Artificial intelligence (AI) chatbots—like ChatGPT and Bard AI—are significant and powerful technologies, but they struggle with accurately citing data and facts
Key Details
- Google parent Alphabet lost $100 billion in valuation on February 8 following a demonstration of Bard AI, where the AI incorrectly stated the James Webb Space Telescope satellite had first photographed an extra-solar planet, not the European VLT satellite, in 2004.
- Beta-testers for the new ChatGPT-powered Bing search engine, by Microsoft, noticed the following week that the chatbot had the same issue, getting multiple answers completely incorrect and being unable to distinguish between fact and fiction.
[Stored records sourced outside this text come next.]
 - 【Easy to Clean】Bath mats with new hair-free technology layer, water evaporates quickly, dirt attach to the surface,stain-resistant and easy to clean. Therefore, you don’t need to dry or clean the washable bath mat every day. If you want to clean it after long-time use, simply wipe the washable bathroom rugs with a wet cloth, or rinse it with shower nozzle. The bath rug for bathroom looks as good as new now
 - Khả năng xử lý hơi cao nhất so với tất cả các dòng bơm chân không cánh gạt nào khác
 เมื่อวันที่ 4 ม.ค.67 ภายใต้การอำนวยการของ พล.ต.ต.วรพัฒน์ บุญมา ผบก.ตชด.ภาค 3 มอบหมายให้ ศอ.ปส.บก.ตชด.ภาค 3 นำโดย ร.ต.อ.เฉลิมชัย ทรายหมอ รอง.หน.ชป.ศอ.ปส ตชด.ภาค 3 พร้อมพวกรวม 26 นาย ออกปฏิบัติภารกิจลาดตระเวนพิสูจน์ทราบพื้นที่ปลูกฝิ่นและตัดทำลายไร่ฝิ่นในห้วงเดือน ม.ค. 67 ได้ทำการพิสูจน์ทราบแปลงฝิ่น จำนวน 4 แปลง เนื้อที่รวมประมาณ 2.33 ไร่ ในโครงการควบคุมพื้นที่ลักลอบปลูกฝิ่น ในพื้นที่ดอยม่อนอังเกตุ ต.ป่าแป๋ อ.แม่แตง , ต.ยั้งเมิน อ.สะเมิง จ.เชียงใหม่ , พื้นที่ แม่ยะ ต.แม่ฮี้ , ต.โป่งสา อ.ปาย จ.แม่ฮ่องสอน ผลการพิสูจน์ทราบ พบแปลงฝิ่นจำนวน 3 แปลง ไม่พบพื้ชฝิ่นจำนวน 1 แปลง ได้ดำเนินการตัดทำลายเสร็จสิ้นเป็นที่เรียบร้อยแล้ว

- In a presentation last week, Microsoft executives announced a new suite of AI-powered features. They defended the technology as “usefully wrong,” claiming its new “Copilot” software is still powerful and dismissed small mistakes as easily fixed.
Why It’s Important
AIs have to be trained on datasets in order to learn how to build convincing language models. ChatGPT currently does not have access to a dataset after December 2021, meaning it cannot answer questions on current events, trends, or scientific developments. As the noted demonstrations show, the existing chatbots are struggling with correct citations.
This has placed a severe limitation on the current software’s applicability. While these results haven’t slowed the ongoing AI arms race, they have cut against promises that chatbots could answer complex questions in an easy-to-understand way for the benefit of users. It is unclear whether the technology will be useful for accurate citations.
Breaking Down The Issue
Dr. Jie Wang is a professor of computer science at the University of Massachusetts Amherst. His work in AI has focused on downstream applications of language models and data modeling. He tells Leaders Media that the citation issue is not so much a technical problem as a limitation of resources and training.
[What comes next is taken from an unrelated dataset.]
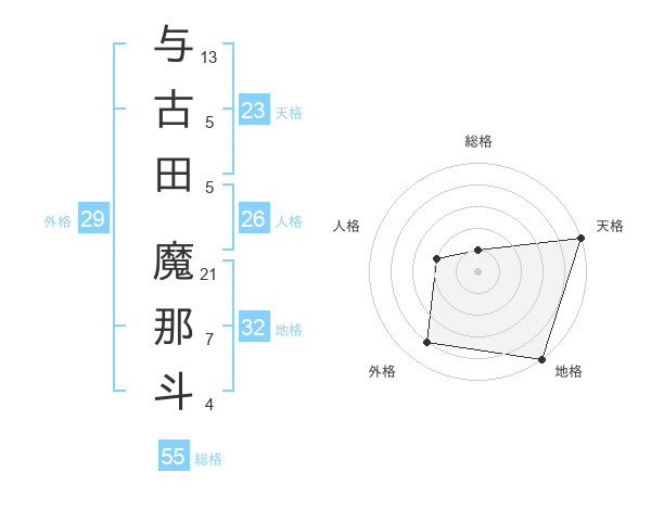 与古田 魔那斗さんの天格は23画の5点!

“Data gathering from the internet is often done by deploying web crawlers, which are programs to automatically visit websites and collect web publications, news, blogs, academic papers, and images, among other things. These data are then processed and turned into the pure text form suitable as input for training neural networks,” says Wang.
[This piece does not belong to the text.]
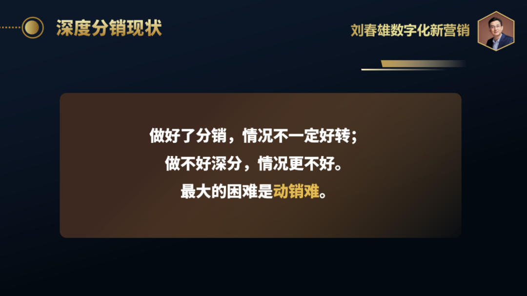 目前深度分销的现状是:做好了分销,情况不一定好转;做不好深分,情况更不好。最大的困难是动销难。

Bard AI, ChatGPT, and GPT-4 are language models trained on large datasets, and the quality of their respective answers will depend on the quality of those training models. Those early models are bound to make many mistakes based on the quality and volume of information sampled. As Wang notes, it is possible to train a chatbot to answer questions purposefully incorrectly or for two chatbots trained on the same information to come to different conclusions.
These are issues that the development teams behind ChatGPT and Bard AI are fully aware of. They could resolve some of these issues by expanding the training dataset with more up-to-date information, but this comes at the expense of extreme costs. Having a specific data cutoff and focusing the training on then-current or obsolete information is a generally accepted practice.
“Keep in mind that training a large model is extremely costly. It takes a long time and a lot of powerful machines to train a large model. For economic reasons, model updates are not done frequently. A company can update its model with new data at any time. The only concern is whether it is worth doing because of the time and money needed to complete this task,” says Wang.
An Optimistic Outlook
Even with the noted limitations, the technology has overall proved disruptive, with schools and universities already needing to roll out technology that can scan essays for a text generated in ChatGPT. As the online proofreading website Scribbr notes, no official citation format for ChatGPT has been released by any of the official style guides. Citation authorities are still uncertain if allowing ChatGPT-sourced information will be appropriate.
Dr. Wang speaks optimistically about the potential of AI. One of the applications he is exploring is improving K-12 students’ reading comprehension skills, believing that more powerful AI creates possibilities for helping strengthen students.
“ChatGPT is a double-edged sword. On the one hand, schools and universities should ban students from using ChatGPT to produce term papers and computer programs in their coursework, among other things. On the other hand, ChatGPT can also be used to help improve teaching and research in a positive way,” he says.